Goddess Pose is a vulnerable pose; it exposes the entire front body. But when you relax in this position, you can create more space for your breath, vital organs, circulation, thoughts, feelings, and any sensations that arise. Making space starts by taking notice, like this: Hmm, there’s that tightness in my right hip. Look at that, there it is again. Whatever shows up, simply notice it, return your awareness to the support of the ground and your breath, and then allow your caring breath to create more space for whatever you may be experiencing. Like breathing, releasing tension is not something we do, it’s something we allow.
• What does being spacious mean to you?
• Can you think of a time when you felt very tight, limited, and closed in? How did you help yourself relax and create space?
• How can you help yourself remember to pause and expand more often?
Learn to listen in Full Relaxation Pose
Place 2 blocks side by side near the foot of your mat with a rolled-up blanket on top. If you wish, you may add a bolster for extra leg support and a blanket, for softness, under your heels. Sit facing the blocks, and slowly lower to the floor, mindfully resting your knees atop the roll with your feet hip-width apart. For additional head support, place a blanket or folded towel under your head and a rolled-up towel beneath your neck. Rest your arms at your sides—or on your belly with elbows on the floor. Once you’re comfortable, take several long breaths, progressively releasing all of your body weight into the ground. Relax here. For the last minute of the pose, bring your hands to your belly and feel your palms receive your breath. Imagine your breath loosening and softening any lingering hardness in your body.
To exit, slowly draw your knees toward your belly, and roll onto one side, making a pillow under your head with one of your arms. Relax on your side for 1 minute, then mindfully press up to a comfortable seated position.

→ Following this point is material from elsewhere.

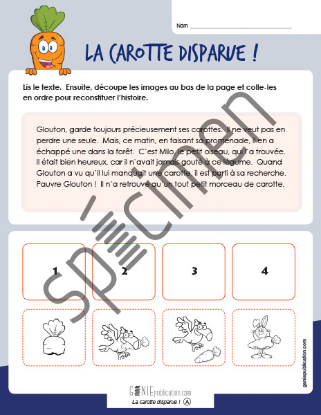 L'élève lit une courte histoire. Il doit ensuite placer quatre images dans l'ordre pour reconstituer l'histoire.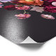 An elegant floral still life featuring richly colored blossoms arranged on a dark background. This artwork combines timeless botanical beauty with a moody, sophisticated atmosphere

In Full Relaxation Pose, we can practice listening to the breath and noticing the way it tenderly meets everything it comes into contact with. Imagine the way your dearest friend would listen to you if you needed kind support and attention. Most of us do not listen to ourselves with this level of care. This is important to consider in a restorative practice because once you begin to relax, it’s not unusual for things to start bubbling up—feelings or sensations that tension has tried to protect you from. Once you begin to unfurl those knots, it’s important to compassionately listen to, and observe, what’s being released. A listening practice begins with making the choice to relax with whatever comes up in your body, mind, and heart. It means choosing to receive—in a nonjudgmental way—whatever your tension has been shielding you from. It means opening up, over and over, to anything you may discover, without feeling the need to critique, fix, or change.
• Can you recall a time when you unexpectedly received a compassionate response from someone when you really needed it?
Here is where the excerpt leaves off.